Любовь к славе, как в хижине, так и на троне или в лагере, стимулирует ум к совершению тех действий, которые с наибольшей вероятностью переживут смертность и будут жить после смерти, и которые, будучи достигнуты, делают вечер жизни столь же блестящим, как и ее утро. «Похвалы (говорит Плутарх), воздаваемые великим и возвышенным умам, только подстегивают и пробуждают их соревнование: подобно стремительному потоку, слава, которую они уже приобрели, влечет их непреодолимо ко всему, что есть великого и благородного. — Они никогда не считают себя достаточно вознагражденными. Их нынешние действия — это лишь залоги того, что можно ожидать от них; и они покраснели бы, не живя верными своей славе и не делая ее еще более прославленной благороднейшими действиями».

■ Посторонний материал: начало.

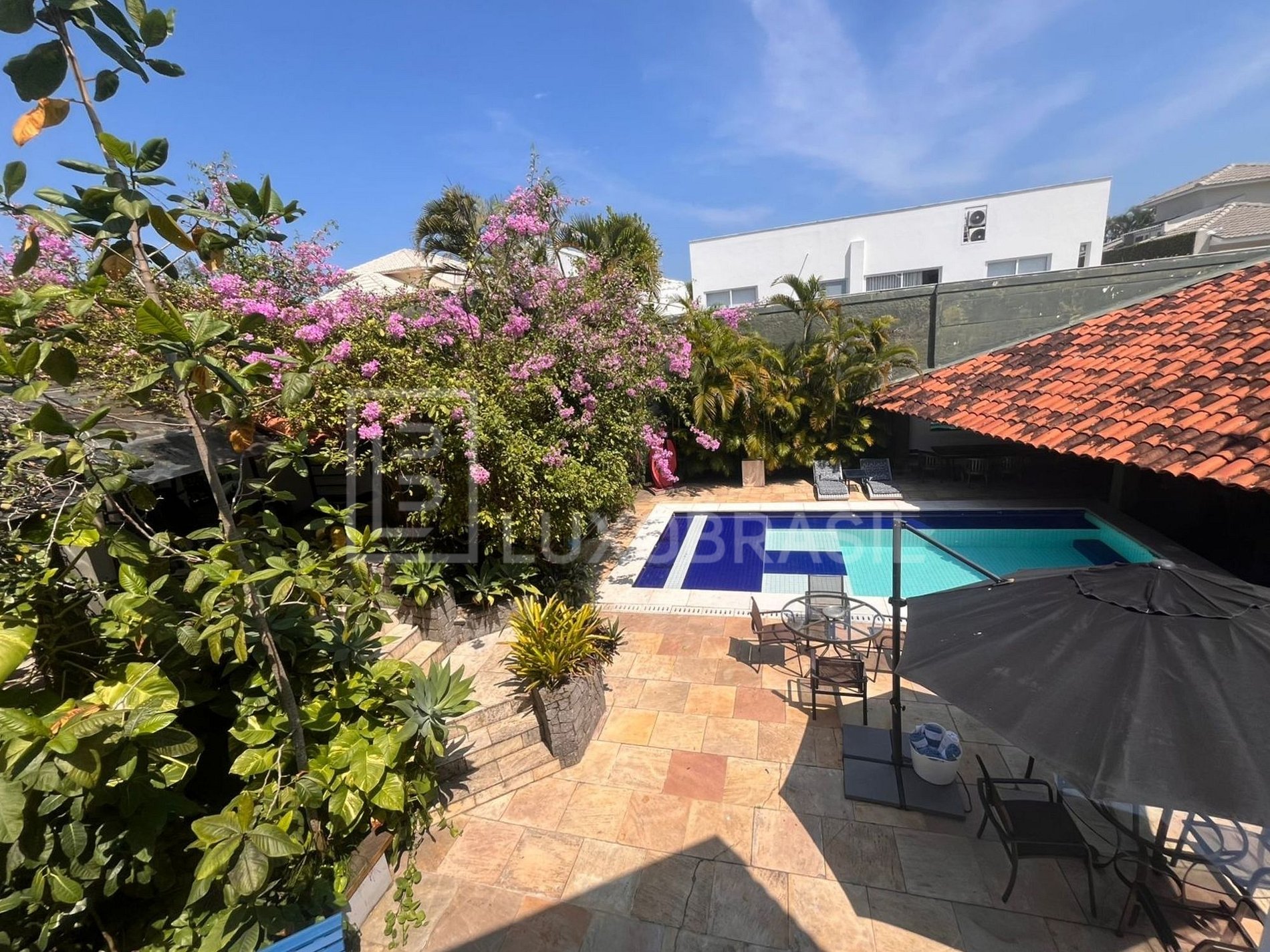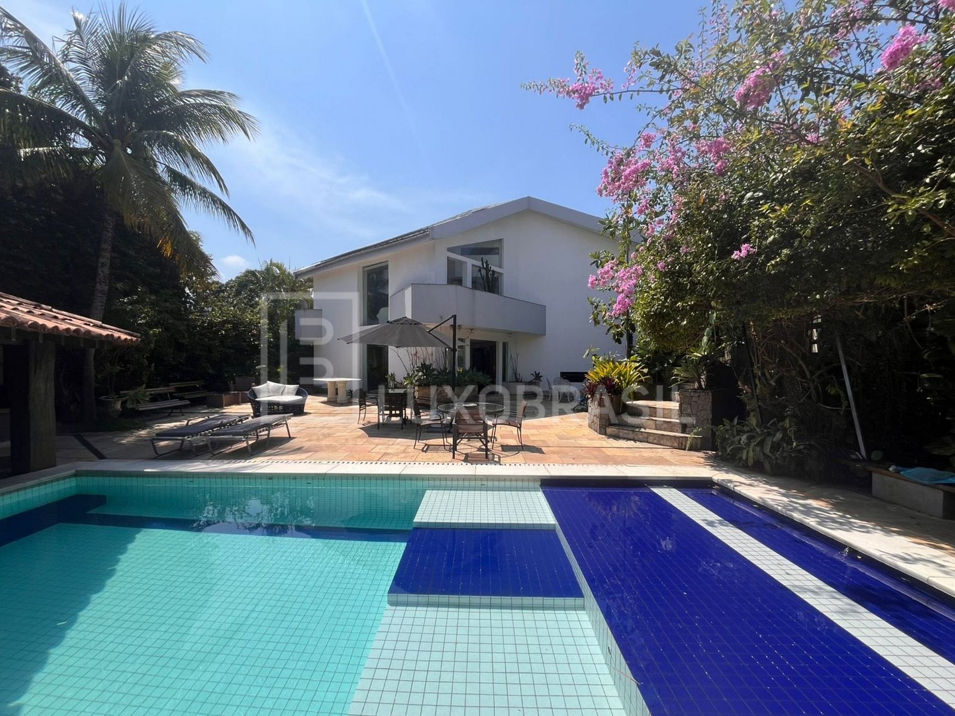 The house has a large outdoor area with swimming pool, barbecue with stove and bench and a large deck. Large living room with bar, kitchen, dining room, 05 suites with modern decor, large canvases and sculptures.
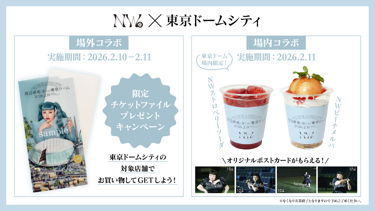 東京ドームシティ内のショップ&レストランで1,500円(税込)以上お買い物いただいた方に渡辺直美 (20) in 東京ドーム限定チケットファイルをプレゼントいたします。
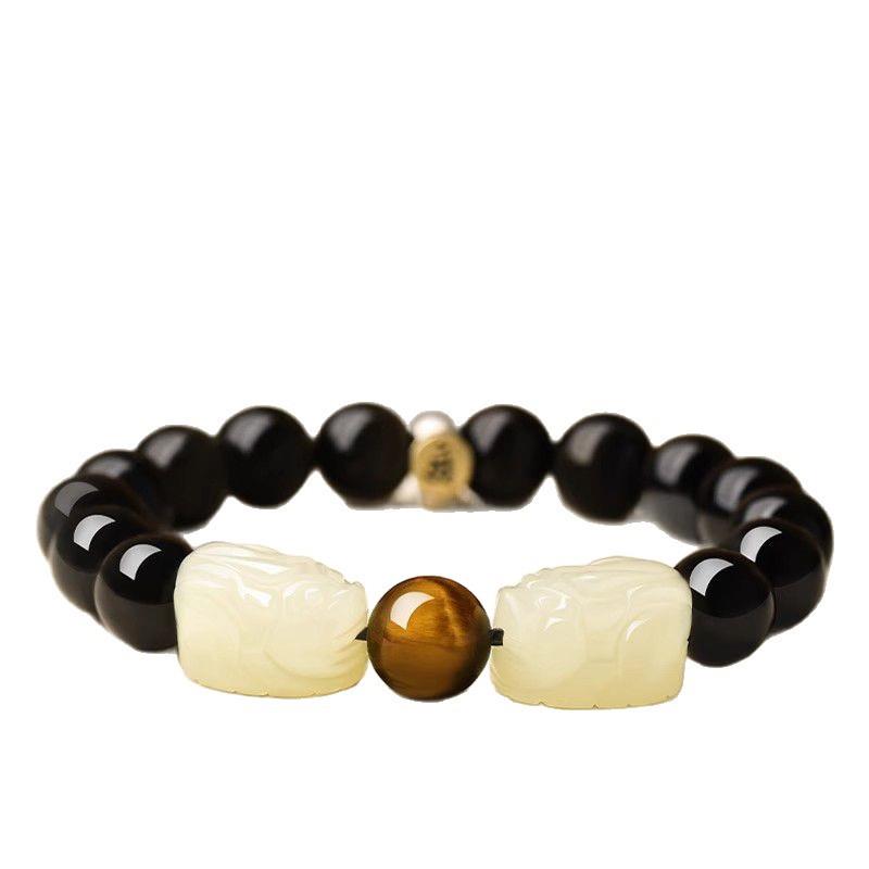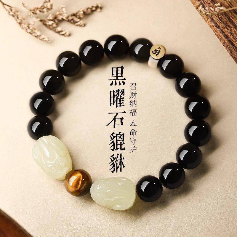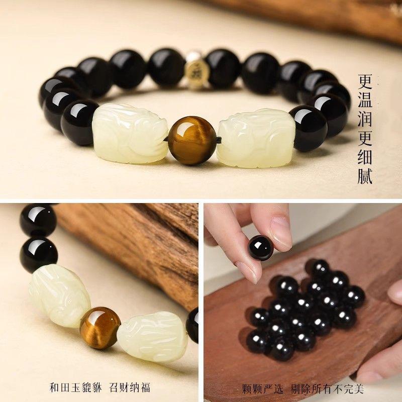 2025黑曜石手串男和田玉招财貔貅手链女本命年皮丘佛珠送情侣节日
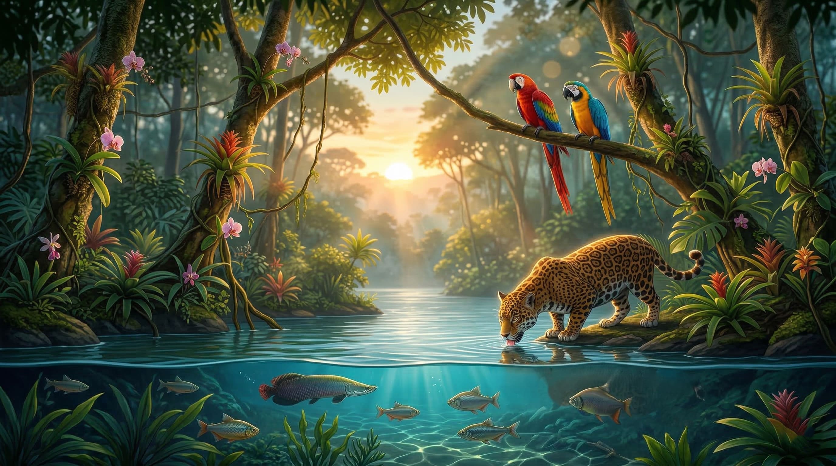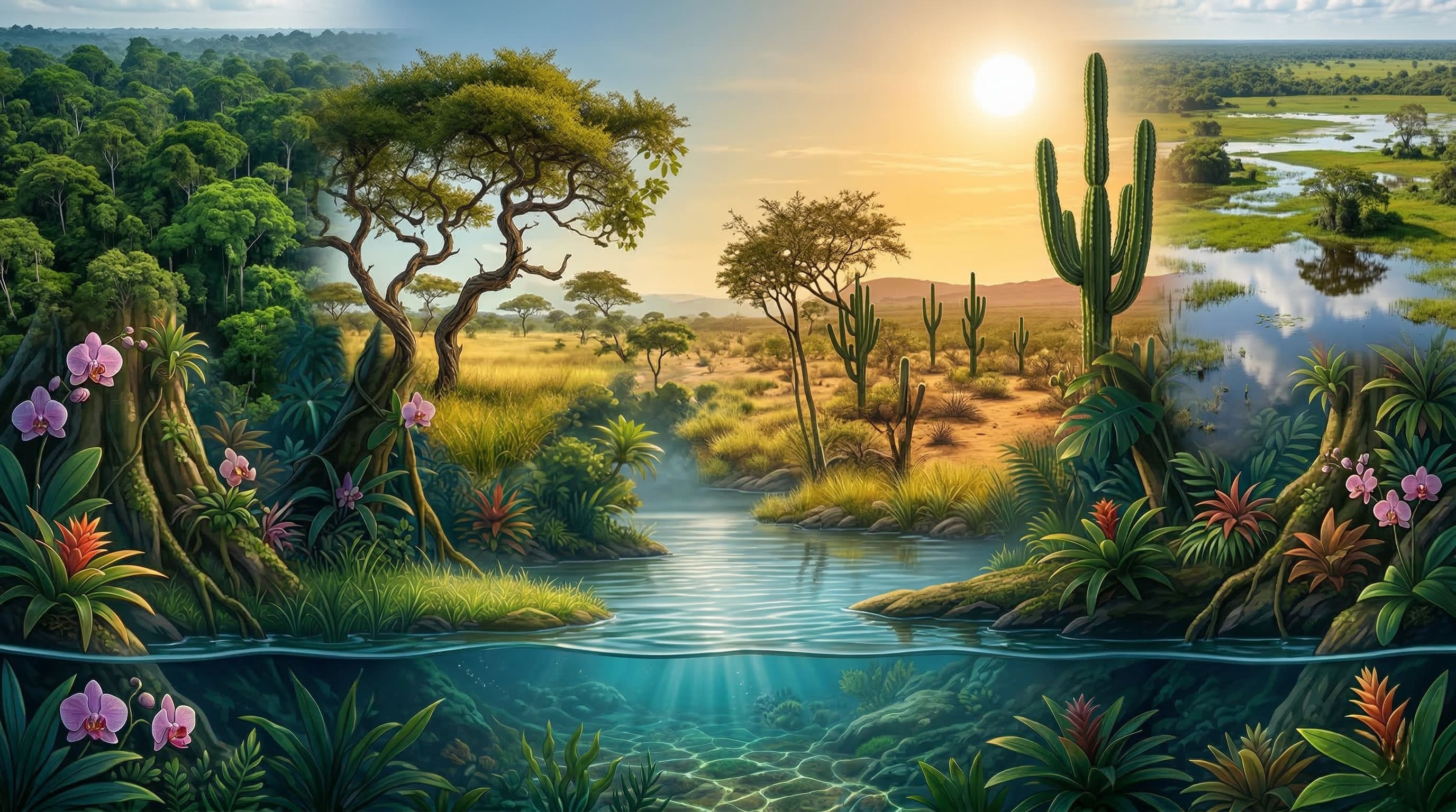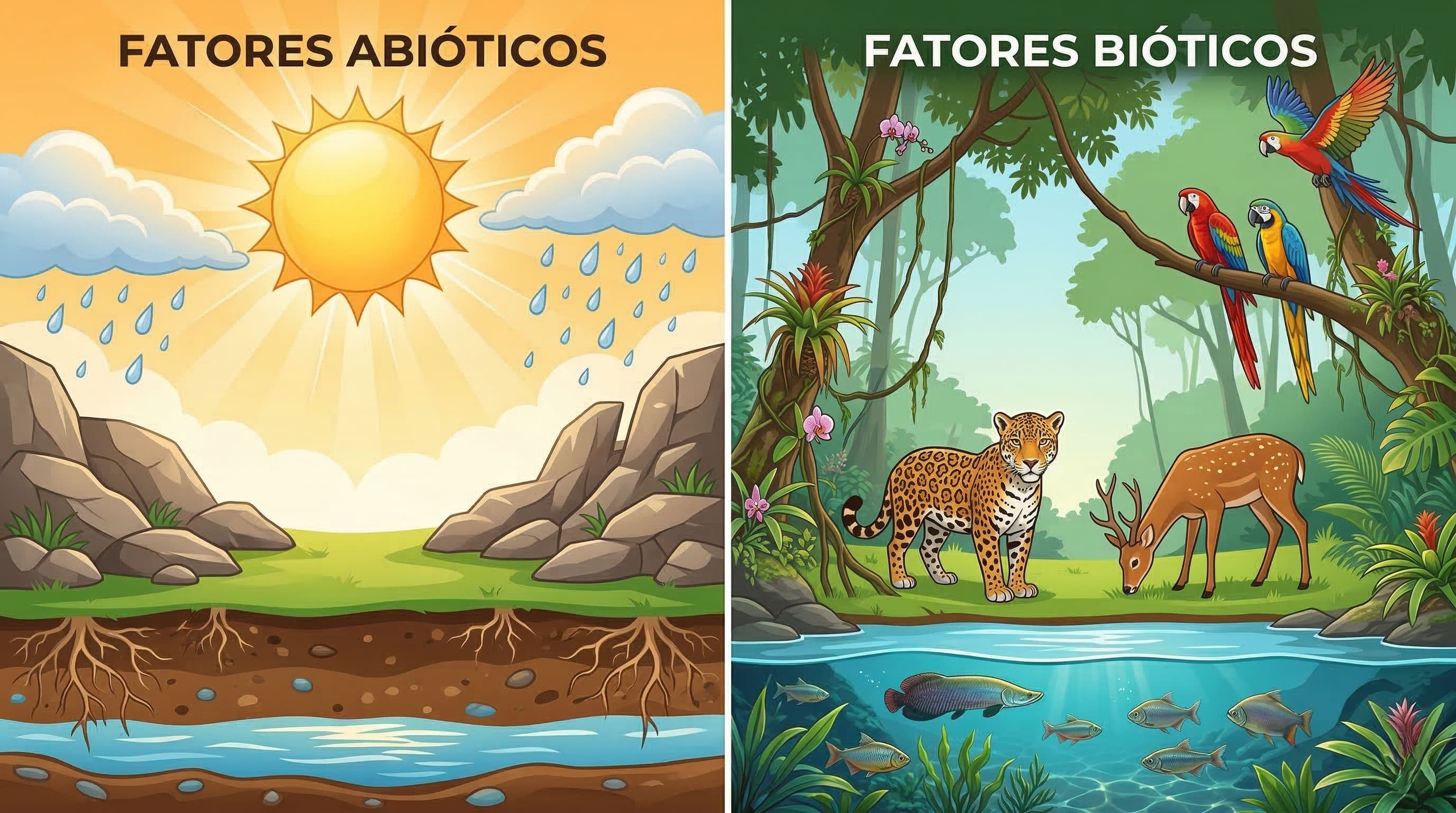 Alt Text: Ilustração digital de um ecossistema vibrante mostrando a interação entre animais, plantas, luz solar e água, representando a ecologia.
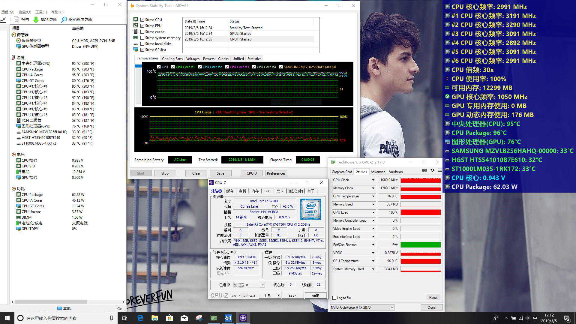 在稳定性方面,在长达一小时的双烤过程中,我们注意到CPU六核心保持全开,主频长时间稳定在3.0GHz~3.1GHz之间,CPU封装温度保持在96℃左右,GPU的温度则是76℃,整体表现还算稳定,尽管CPU温度偏高,但这是双烤极限状态,日常使用时很少会达到这种极限状态。
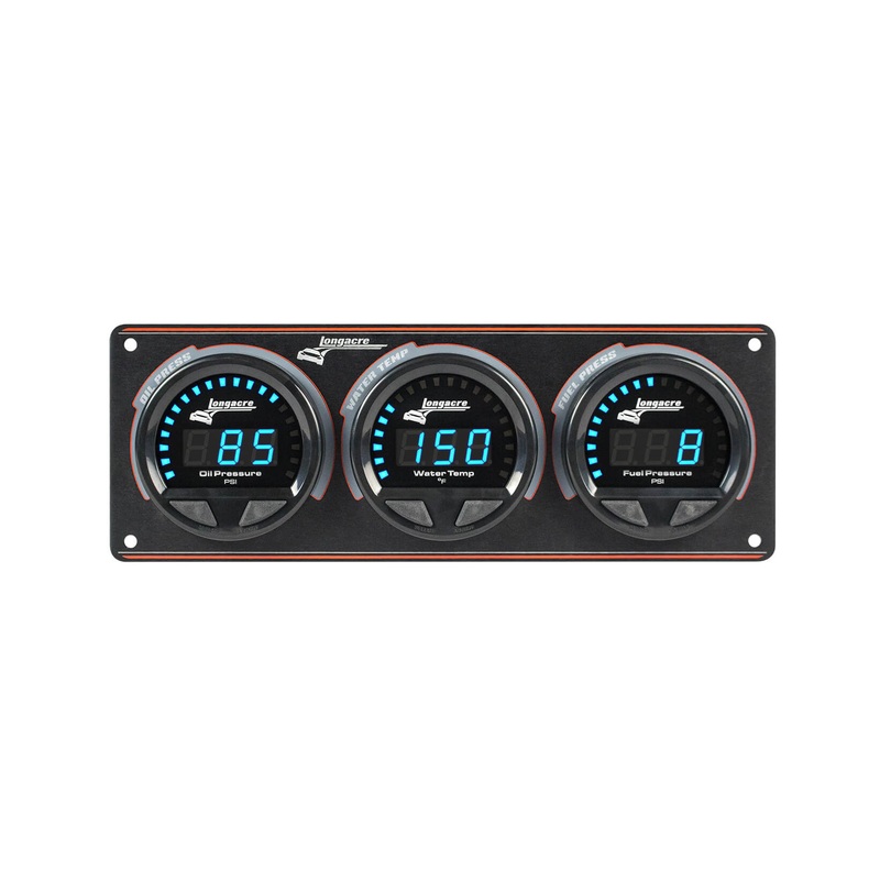 Digital Elite LED Waterproof Gauge Panel from Longacre, 3 Gauge Oil Pressure/Water Temperature/Fuel Pressure/Tach
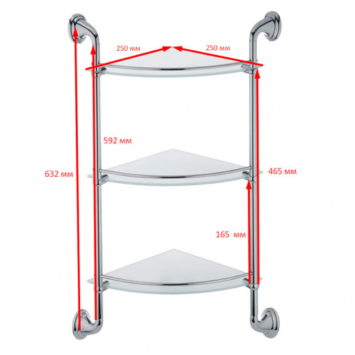 Полка стеклянная угловая 3-ярусная ZERIX LR1507-3 (LL1409)

Ухо, которое было бы глухо к рабской лести и безвкусным комплиментам, будет слушать с удовольствием энтузиазм, с которым Цицерон восклицает: «Почему мы должны скрывать то, что невозможно скрыть? Почему мы не должны гордиться тем, что откровенно признаемся, что все мы стремимся к славе? Любовь к похвале влияет на все человечество, и величайшие умы наиболее восприимчивы к ней. Философы, которые больше всего проповедуют презрение к славе, ставят свои имена на своих работах: и сами произведения, в которых они отрицают тщеславие, являются очевидными доказательствами их суетности и любви к похвале. Добродетель не требует иного вознаграждения за все труды и опасности, которым она себя подвергает, кроме славы и почестей. Отнимите это льстивое вознаграждение, и что останется на узком поприще жизни, чтобы побуждать ее усилия? Если бы ум не мог устремиться в перспективу будущего или действия души ограничивались пространством, которое ограничивает действия тела, она не ослабляла бы себя постоянными усталостями и не утомляла бы себя непрерывными бдениями и тревогами; она не считала бы даже саму жизнь достойной борьбы: но в груди каждого доброго человека живет принцип, который непрестанно побуждает и вдохновляет его к погоне за славой за пределами нынешнего часа; славой, не соразмерной нашему смертному существованию, но соразмерной самому позднему потомству. Можем ли мы, которые каждый день подвергаем себя опасностям ради своей страны и никогда не проводили ни одного момента своей жизни без тревоги или беспокойства, низко думать, что все сознание будет похоронено вместе с нами в могиле? Если величайшие люди были осторожны в сохранении своих бюстов и статуй, этих образов не их умов, а их тел, не должны ли мы скорее передать потомству подобие нашей мудрости и добродетели? Что касается меня, по крайней мере, я признаю, что во всех своих действиях я полагал, что распространяю и передаю свою славу в самые отдаленные уголки и самые поздние века мира. Будет ли, следовательно, мое сознание этого прекращено в могиле или, как некоторые думали, выживет как свойство души, не имеет большого значения. В одном я уверен, что в этот момент я чувствую от этого размышления льстивую надежду и восхитительное ощущение».